Там Шишкин пахнет
Выставка великого русского пейзажиста в Петербурге
В корпусе Бенуа Государственного Русского музея (ГРМ) открылась выставка «Иван Иванович Шишкин. 1832–1898». Без юбилея, без особой помпы представлены более 160 произведений: картины, рисунки, офорты и литографии из собрания ГРМ. Официальный месседж: «Выставка призвана познакомить широкого зрителя с малоизвестными и редко участвующими в выставках произведениями Шишкина из фондов музея». На программную персонализацию работает и включение в экспозицию слепка руки художника, принадлежавших ему инструментов, прижизненных графических и скульптурных портретов Шишкина, созданных Иваном Крамским, Ильей Гинцбургом и Николаем Досекиным. Однако Кира Долинина видит в этом рассказе прежде всего большую традицию разговора о русском пейзаже, где слова значат едва ли не больше изображений.
С Шишкиным очень сложно. Несчастные медведи из «Утра в сосновом лесу», даром что написаны не Шишкиным, а Константином Савицким, своей конфетной (в прямом смысле слова) сладостью способны убить всяческий интерес к другим «лесным» пейзажам художника. Корабельные сосны, дубы, овраги, северные и южные морские берега — все это преломляется через призму безусловного узнавания, а то и скуки, которой мы обязаны обязательным в младших классах школы сочинениям «по картинам» Шишкина. И тут проблема именно в способе восприятия русского пейзажа, навязанном нам с детства: если в умении воспринимать изобразительное искусство главное — это «искусство видеть», то в школьном подходе «видеть» совсем не обязательно, задача стоит в «рассказывании» картины. То есть во вчитывании своих эмоций и души прекрасных порывов в изобразительный текст. Мы сочиняем истории, а не всматриваемся в картину. А это автоматически ведет к «слепоте» по отношению к материалу.

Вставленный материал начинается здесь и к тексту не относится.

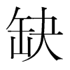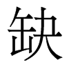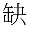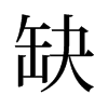 ),夬( )声。缶,瓦器。“夬”也有表意作用。水缺为“决”,玉缺为“玦”,器缺为“缺”,都有破损之意。本义:器具破损) 同本义。引申为缺漏而不完整缺,器破也。——《说文》

Шишкин от этого подхода к русской живописи пострадал едва ли не больше всех. Потомки «рассказывали» и «рассказывают» его картины, а это именно то, чего он всеми силами стремился избежать. Страницы своих писем и личных записей он посвятил размышлениям о сути подлинного искусства пейзажиста, о тонкой грани между природой («натурой»), ее передачей художником и «поэзией», которая и есть суть всякого большого искусства. Об этом очень четко сказал Павел Третьяков: «Мне не нужно ни богатой природы, ни великолепной композиции, ни эффектного освещения, никаких чудес, дайте мне хоть лужу грязную, да чтобы в ней правда была, поэзия». Проблема в том, что работал он в то время, когда от искусства требовалась прежде всего «идея», «тенденция», отсылка к болевым точкам жизни общества — и эти требования не снимались, даже когда речь шла о пейзажах. Иногда Шишкин добивался нужного эффекта через пафосное название или его расшифровку. Часто использовал поэтические строчки русских классиков. А иногда задавал вектор восприятия своими словами, как, например, в знаменитом автоописании сюжета своего «чистого пейзажа»: «Раздолье, простор, угодье. Рожь. Божья благодать. Русское богатство». Несколько слов — и «тенденция» налицо.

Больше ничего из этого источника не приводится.